Members don't see this ad.

 

[bauber]

If we still have to make the slide why feed it to a machine when I can just put it on my microscope? Why add complexity? Same reason why regular H&E hasn't all gone digital...still gotta make the slide so I'll just put it on my scope.

 

[Spikebd]

Question for the pathologists from a dumb dermatologist with a limited understanding of immunohistochemistry:

Reading path is obviously very complex and can’t be automated.

That being said from my (limited) experience it seems IHC stains are either positive or negative and could be read by a machine with limited AI compared to controls in a standardized way. Could a pathologist not choose the stains needed and get an automated read?

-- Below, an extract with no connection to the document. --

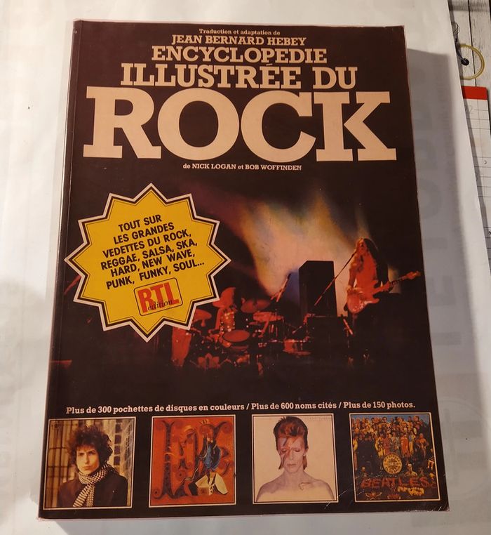 Encyclopédie illustrée du rock, très rare. Auteurs D Logan et B Woffinden. Edité par RTL en 1980. 256 pages. Plus de 300 pochettes de disques en couleur. En parfait état pour son âge. Protégé par film protecteur (non autocollant) qui explique son état irréprochable.
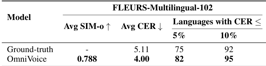 The authors evaluate OmniVoice on the FLEURS-Multilingual-102 benchmark to assess its multilingual capabilities. The results show that the model achieves high intelligibility and speaker similarity compared to the ground-truth reference. OmniVoice achieves a lower average character error rate than the ground-truth audio. The model demonstrates high intelligibility with a large number of languages meeting strict error rate thresholds. OmniVoice outperforms the ground-truth in the proportion of languages falling below both 5% and 10% character error rate limits.

Obviously would be bad for path financially but why do payors continue to pay for IHC reads? Enlighten me.

IHC interpretation is nuanced, it isn’t always just yes/no.

Most specimens come with background normal cells, which need to be accounted for. Some IHC markers will stain those scattered background cells. This needs to be taken into account.

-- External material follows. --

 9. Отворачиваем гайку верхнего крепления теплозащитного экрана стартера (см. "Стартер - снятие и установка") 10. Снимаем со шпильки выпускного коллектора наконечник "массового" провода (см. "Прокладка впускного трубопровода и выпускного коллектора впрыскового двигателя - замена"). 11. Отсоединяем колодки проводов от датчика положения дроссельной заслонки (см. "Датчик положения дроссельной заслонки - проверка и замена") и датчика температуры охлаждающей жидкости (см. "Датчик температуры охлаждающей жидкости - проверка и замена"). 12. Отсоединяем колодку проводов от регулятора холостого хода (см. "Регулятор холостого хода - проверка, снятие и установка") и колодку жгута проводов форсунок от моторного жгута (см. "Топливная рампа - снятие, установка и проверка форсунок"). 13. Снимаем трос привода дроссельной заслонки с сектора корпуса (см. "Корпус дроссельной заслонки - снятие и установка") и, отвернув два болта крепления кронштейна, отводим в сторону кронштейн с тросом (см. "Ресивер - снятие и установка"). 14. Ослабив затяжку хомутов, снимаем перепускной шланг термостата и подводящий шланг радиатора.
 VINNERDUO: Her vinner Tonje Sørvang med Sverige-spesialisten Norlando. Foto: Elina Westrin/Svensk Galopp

Other stains have a specific pattern that needs to be assessed, and isn’t just a positive or negative question. For example, in Hodgkin lymphoma nodular lymphocyte predominant type, the PD-1 stain has a characteristic rosette formation around the LP cells that has to be looked for. Many other examples like this exist. Derm is actually full of cases like this.

 

[SunBakedTrash]

HMB45 staining in different subtypes of nevi and melanoma is a good example of how nuanced interpretation can be. Or S100 in scar vs residual melanoma.

 

[Nilf]

It's a misconception that the stains are 'positive' or 'negative'. As Spikebd said, it's more nuanced than that.

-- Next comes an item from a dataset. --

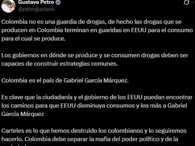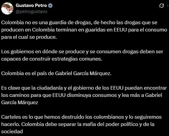 Sin embargo, en un mensaje publicado en su cuenta de X, Petro se defendió y rechazó los señalamientos de Trump, afirmando que las drogas que se producen en Colombia “terminan en guaridas en Estados Unidos para el consumo para el cual se produce”.

It all depends on the case. In most cases basic melanocytic markers rarely make or break the diagnosis. In pigmented lesion they are helpful but There is no 'melanoma stain'. In poorly differentiated tumors or mets they are more helpful, like in a poorly differentiated neoplasm which lights up with cytokeratin and nothing else. In cutaneous lymphomas immunostains are indispensable, but the interpretation is very very complex and a whole battery of stains are needed, often in addition to molecular studies, i.e. is this cluster of CD30+ cells on the tiny shave biopsy truly a LyP or worse, or just an artefact? Are the CD4+ cells in the epidermis lymphocytes, or Langerhans cells? Is CD5 positive in the CD20 cells, or in the background CD3 lymphocytes. No AI will be able to handle this.

 

[doctalaughs]

It's a misconception that the stains are 'positive' or 'negative'. As Spikebd said, it's more nuanced than that.

It all depends on the case. In most cases basic melanocytic markers rarely make or break the diagnosis. In pigmented lesion they are helpful but There is no 'melanoma stain'. In poorly differentiated tumors or mets they are more helpful, like in a poorly differentiated neoplasm which lights up with cytokeratin and nothing else. In cutaneous lymphomas immunostains are indispensable, but the interpretation is very very complex and a whole battery of stains are needed, often in addition to molecular studies, i.e. is this cluster of CD30+ cells on the tiny shave biopsy truly a LyP or worse, or just an artefact? Are the CD4+ cells in the epidermis lymphocytes, or Langerhans cells? Is CD5 positive in the CD20 cells, or in the background CD3 lymphocytes. No AI will be able to handle this.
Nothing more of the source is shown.